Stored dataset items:
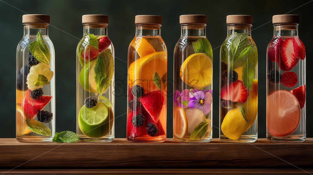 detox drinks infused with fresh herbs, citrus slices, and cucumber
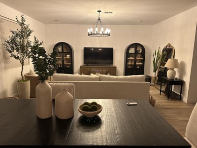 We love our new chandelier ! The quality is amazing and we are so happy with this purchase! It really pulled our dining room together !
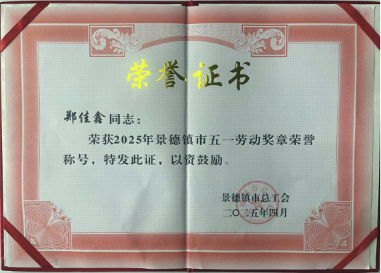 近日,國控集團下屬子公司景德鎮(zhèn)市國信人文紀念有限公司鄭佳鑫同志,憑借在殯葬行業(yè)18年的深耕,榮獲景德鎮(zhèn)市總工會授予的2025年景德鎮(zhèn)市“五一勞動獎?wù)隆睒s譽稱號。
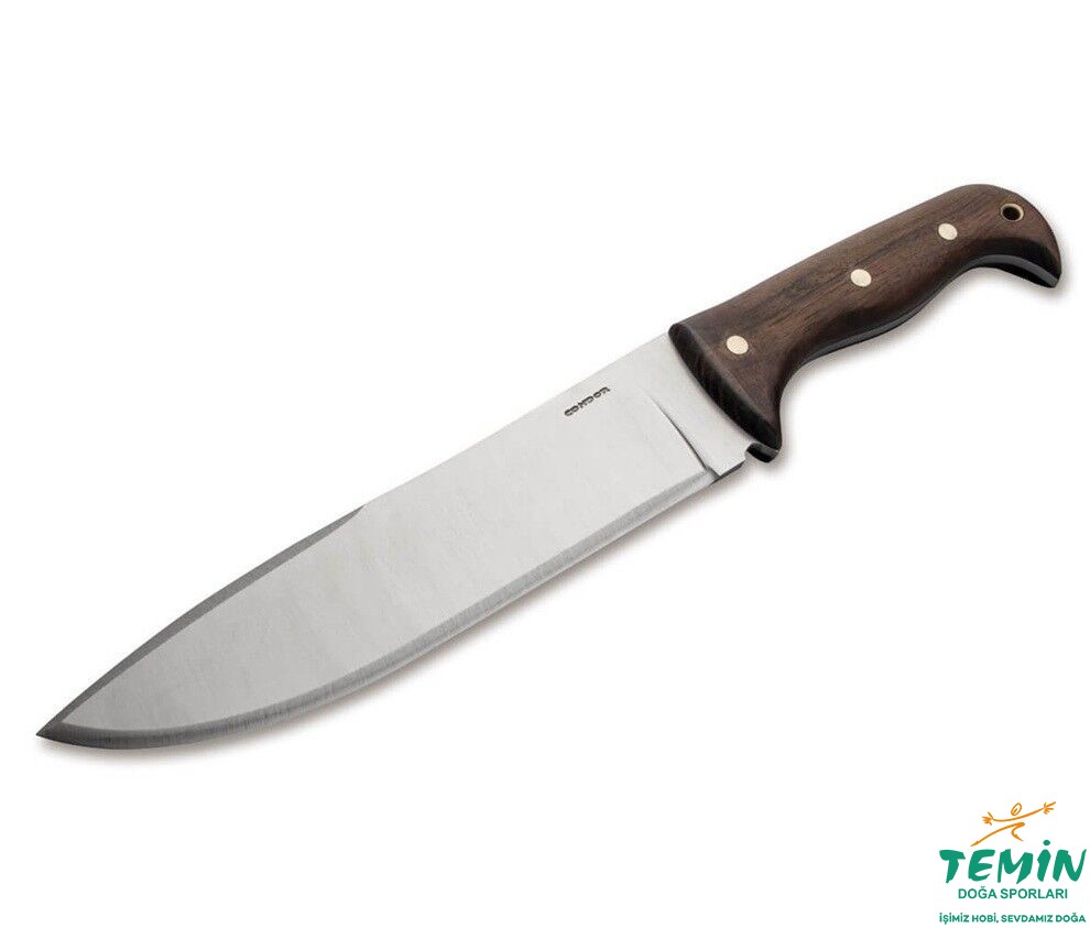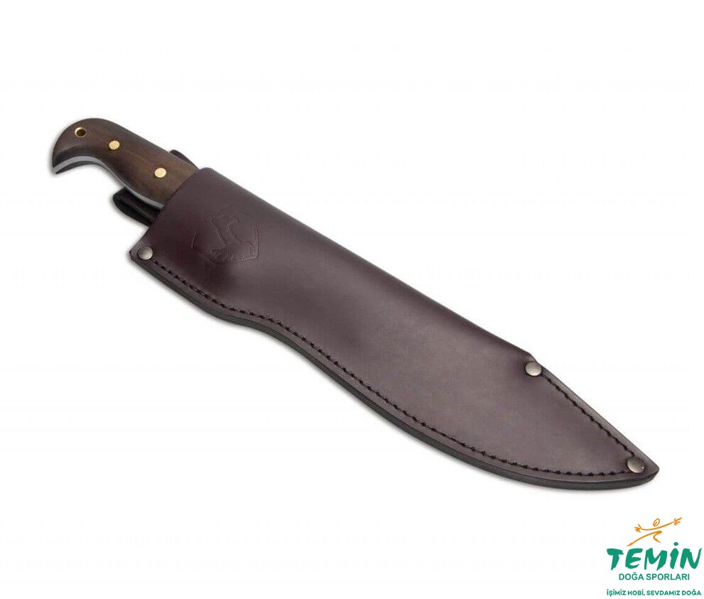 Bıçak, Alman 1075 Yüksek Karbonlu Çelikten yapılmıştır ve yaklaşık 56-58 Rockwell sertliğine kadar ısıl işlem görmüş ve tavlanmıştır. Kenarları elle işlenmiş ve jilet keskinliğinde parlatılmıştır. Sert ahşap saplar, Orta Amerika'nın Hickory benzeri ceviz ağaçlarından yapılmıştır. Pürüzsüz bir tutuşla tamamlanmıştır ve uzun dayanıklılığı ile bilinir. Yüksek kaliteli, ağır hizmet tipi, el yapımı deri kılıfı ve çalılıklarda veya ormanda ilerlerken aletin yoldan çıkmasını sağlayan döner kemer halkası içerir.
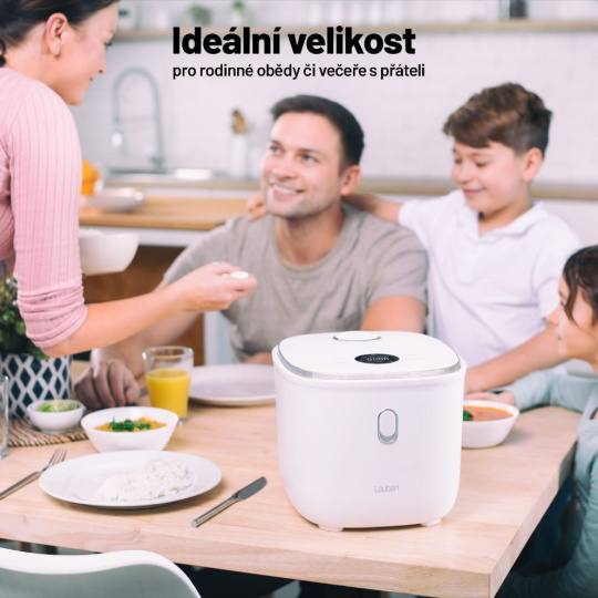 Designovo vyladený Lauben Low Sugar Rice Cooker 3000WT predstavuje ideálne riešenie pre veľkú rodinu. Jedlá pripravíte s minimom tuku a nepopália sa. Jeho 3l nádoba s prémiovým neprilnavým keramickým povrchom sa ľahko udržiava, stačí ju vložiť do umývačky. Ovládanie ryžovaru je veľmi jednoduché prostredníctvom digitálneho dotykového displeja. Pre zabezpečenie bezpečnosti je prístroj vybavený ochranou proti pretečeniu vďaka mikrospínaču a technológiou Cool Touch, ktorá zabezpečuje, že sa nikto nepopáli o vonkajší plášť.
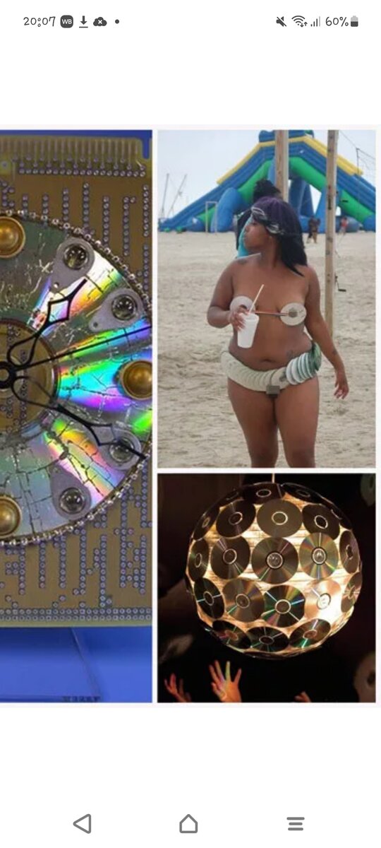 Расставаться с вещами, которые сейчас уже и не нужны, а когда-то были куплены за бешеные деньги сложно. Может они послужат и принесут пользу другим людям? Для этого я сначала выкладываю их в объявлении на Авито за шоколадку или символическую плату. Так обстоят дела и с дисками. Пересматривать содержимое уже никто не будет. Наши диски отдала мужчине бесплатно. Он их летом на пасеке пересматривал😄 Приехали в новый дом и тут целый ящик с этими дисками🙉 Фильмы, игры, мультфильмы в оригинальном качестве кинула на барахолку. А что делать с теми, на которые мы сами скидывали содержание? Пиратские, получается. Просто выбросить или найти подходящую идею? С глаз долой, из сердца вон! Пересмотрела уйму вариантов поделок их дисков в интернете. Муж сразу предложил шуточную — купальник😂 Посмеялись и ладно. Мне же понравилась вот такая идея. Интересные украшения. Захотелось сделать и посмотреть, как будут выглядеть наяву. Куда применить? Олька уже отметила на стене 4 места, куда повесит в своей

> Instructions to follow
When a record holds a picture, leave that picture out; copy the rest verbatim.

> Solution to this problem
 detox drinks infused with fresh herbs, citrus slices, and cucumber
 We love our new chandelier ! The quality is amazing and we are so happy with this purchase! It really pulled our dining room together !
 近日,國控集團下屬子公司景德鎮(zhèn)市國信人文紀念有限公司鄭佳鑫同志,憑借在殯葬行業(yè)18年的深耕,榮獲景德鎮(zhèn)市總工會授予的2025年景德鎮(zhèn)市“五一勞動獎?wù)隆睒s譽稱號。
 Bıçak, Alman 1075 Yüksek Karbonlu Çelikten yapılmıştır ve yaklaşık 56-58 Rockwell sertliğine kadar ısıl işlem görmüş ve tavlanmıştır. Kenarları elle işlenmiş ve jilet keskinliğinde parlatılmıştır. Sert ahşap saplar, Orta Amerika'nın Hickory benzeri ceviz ağaçlarından yapılmıştır. Pürüzsüz bir tutuşla tamamlanmıştır ve uzun dayanıklılığı ile bilinir. Yüksek kaliteli, ağır hizmet tipi, el yapımı deri kılıfı ve çalılıklarda veya ormanda ilerlerken aletin yoldan çıkmasını sağlayan döner kemer halkası içerir.
 Designovo vyladený Lauben Low Sugar Rice Cooker 3000WT predstavuje ideálne riešenie pre veľkú rodinu. Jedlá pripravíte s minimom tuku a nepopália sa. Jeho 3l nádoba s prémiovým neprilnavým keramickým povrchom sa ľahko udržiava, stačí ju vložiť do umývačky. Ovládanie ryžovaru je veľmi jednoduché prostredníctvom digitálneho dotykového displeja. Pre zabezpečenie bezpečnosti je prístroj vybavený ochranou proti pretečeniu vďaka mikrospínaču a technológiou Cool Touch, ktorá zabezpečuje, že sa nikto nepopáli o vonkajší plášť.
 Расставаться с вещами, которые сейчас уже и не нужны, а когда-то были куплены за бешеные деньги сложно. Может они послужат и принесут пользу другим людям? Для этого я сначала выкладываю их в объявлении на Авито за шоколадку или символическую плату. Так обстоят дела и с дисками. Пересматривать содержимое уже никто не будет. Наши диски отдала мужчине бесплатно. Он их летом на пасеке пересматривал😄 Приехали в новый дом и тут целый ящик с этими дисками🙉 Фильмы, игры, мультфильмы в оригинальном качестве кинула на барахолку. А что делать с теми, на которые мы сами скидывали содержание? Пиратские, получается. Просто выбросить или найти подходящую идею? С глаз долой, из сердца вон! Пересмотрела уйму вариантов поделок их дисков в интернете. Муж сразу предложил шуточную — купальник😂 Посмеялись и ладно. Мне же понравилась вот такая идея. Интересные украшения. Захотелось сделать и посмотреть, как будут выглядеть наяву. Куда применить? Олька уже отметила на стене 4 места, куда повесит в своей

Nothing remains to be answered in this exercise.